Thimerosal is a mercury-containing preservative that is only used in some of the many different influenza vaccines that are available today. In the late 1990s and early 2000s, thimerosal was removed as a preservative from all pediatric vaccines with the exception of some influenza vaccines. Thimerosal-free influenza vaccines are available for children and pregnant women upon request in virtually all settings where these vaccines are given.

All of us are exposed to substances that are potentially toxic when we are exposed to high concentrations for long periods of time. None of the substances in vaccines are considered to be “toxic” in the concentrations that are in vaccines.

James D. Cherry, Professor (Pediatrics), David Geffen School of Medicine, University of California Los Angeles:
[This comment comes from the evaluation of a related claim.]
There is aluminum salt present in killed vaccines, such as the present DTaP and Tdap vaccines, but it’s a very good adjuvant and it’s been in killed vaccines from the very beginning.
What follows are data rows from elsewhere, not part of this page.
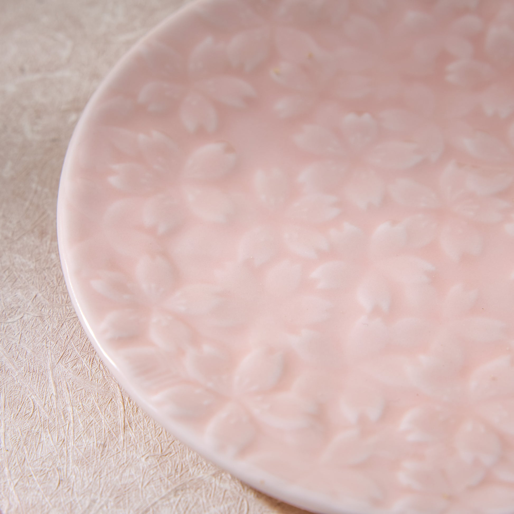The intricate design captures the ephemeral beauty of Japan's cherry blossoms with petals adorning the plate's surface. Subtly raised outlines add textured depth, while the plate’s size makes it ideal for serving appetizers. Crafted by artisans at Miyama (founded in 1977), it showcases the craftsmanship of mino ware—Japan's oldest and most celebrated ceramic style from Gifu Prefecture.
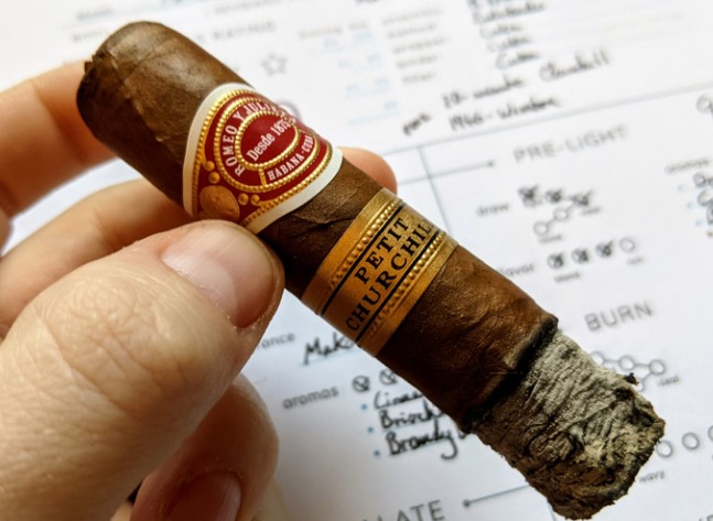尾段:后段焦糖的甜韵很明显,但抽得快了会有点皮革的苦感,我一般35分钟左右放下。
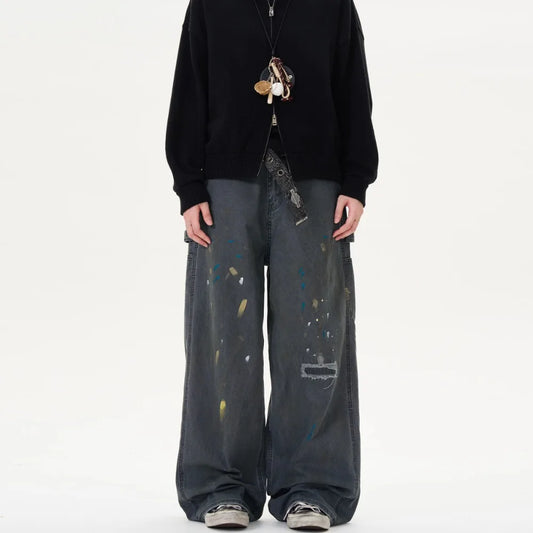 Ink-splashed Overalls Men's Washed Baggy Jeans

The amount and the actual aluminum salt may vary with vaccines. The key thing is that too much aluminum would give you abscesses at the site of vaccination, but no present killed vaccine has excessive amounts. In live vaccines there’s no aluminum at all.

Ethylmercury, which is from thimerosal, is very safe, and it degrades so that there’s no problem whatsoever. The problem is that regular mercury is very toxic. Methylmercury, which contaminates fish for example, is also toxic. But ethylmercury acts as a preservative and also as an antibacterial, so it prevents vaccines from being contaminated with bad bacteria. The confusion of roles [between ethylmercury and methylmercury]—and this happened with people who should have known better—created the push to get mercury out of vaccines. There was thimerosal in the DTP vaccine and also later when the hepatitis B vaccine came along, which we gave right at birth. Although the amount of mercury appeared to exceed the EPA level, that level is for methylmercury, not ethylmercury. Nevertheless, that prompted the move to take mercury out of vaccines, and so our present killed vaccines have no mercury in any of them, with the possible exception of multi-dose vials of some influenza vaccines.
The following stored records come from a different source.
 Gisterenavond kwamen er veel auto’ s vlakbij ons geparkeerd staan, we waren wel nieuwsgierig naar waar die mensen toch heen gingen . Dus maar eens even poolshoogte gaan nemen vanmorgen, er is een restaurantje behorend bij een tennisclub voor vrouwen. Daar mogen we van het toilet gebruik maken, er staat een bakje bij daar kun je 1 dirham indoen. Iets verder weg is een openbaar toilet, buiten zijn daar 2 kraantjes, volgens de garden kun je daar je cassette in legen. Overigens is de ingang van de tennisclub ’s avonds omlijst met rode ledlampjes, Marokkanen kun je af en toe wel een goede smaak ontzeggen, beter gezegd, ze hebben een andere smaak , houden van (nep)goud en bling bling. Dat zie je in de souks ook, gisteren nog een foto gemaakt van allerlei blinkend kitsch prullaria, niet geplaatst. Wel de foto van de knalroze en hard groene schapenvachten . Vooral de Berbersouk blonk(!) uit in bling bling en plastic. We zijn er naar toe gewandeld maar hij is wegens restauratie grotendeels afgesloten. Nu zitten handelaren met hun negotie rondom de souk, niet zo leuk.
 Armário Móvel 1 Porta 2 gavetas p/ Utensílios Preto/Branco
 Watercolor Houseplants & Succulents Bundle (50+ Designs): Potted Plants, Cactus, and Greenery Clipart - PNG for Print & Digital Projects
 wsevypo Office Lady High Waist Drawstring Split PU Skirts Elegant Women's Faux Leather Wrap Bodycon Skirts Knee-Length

The whole idea was wrong from the beginning. Ethylmercury is incredibly safe and we know that because back before we had antibiotics, it was given in an attempt to treat serious infections, in large doses—a thousand times bigger than what’s in any vaccine. And of course in any live vaccine, there’s no mercury whatsoever.


Health Feedback previously reviewed similar false claims regarding a causal association between vaccines and autism, here and here. This Insight article explains how this link has been discredited.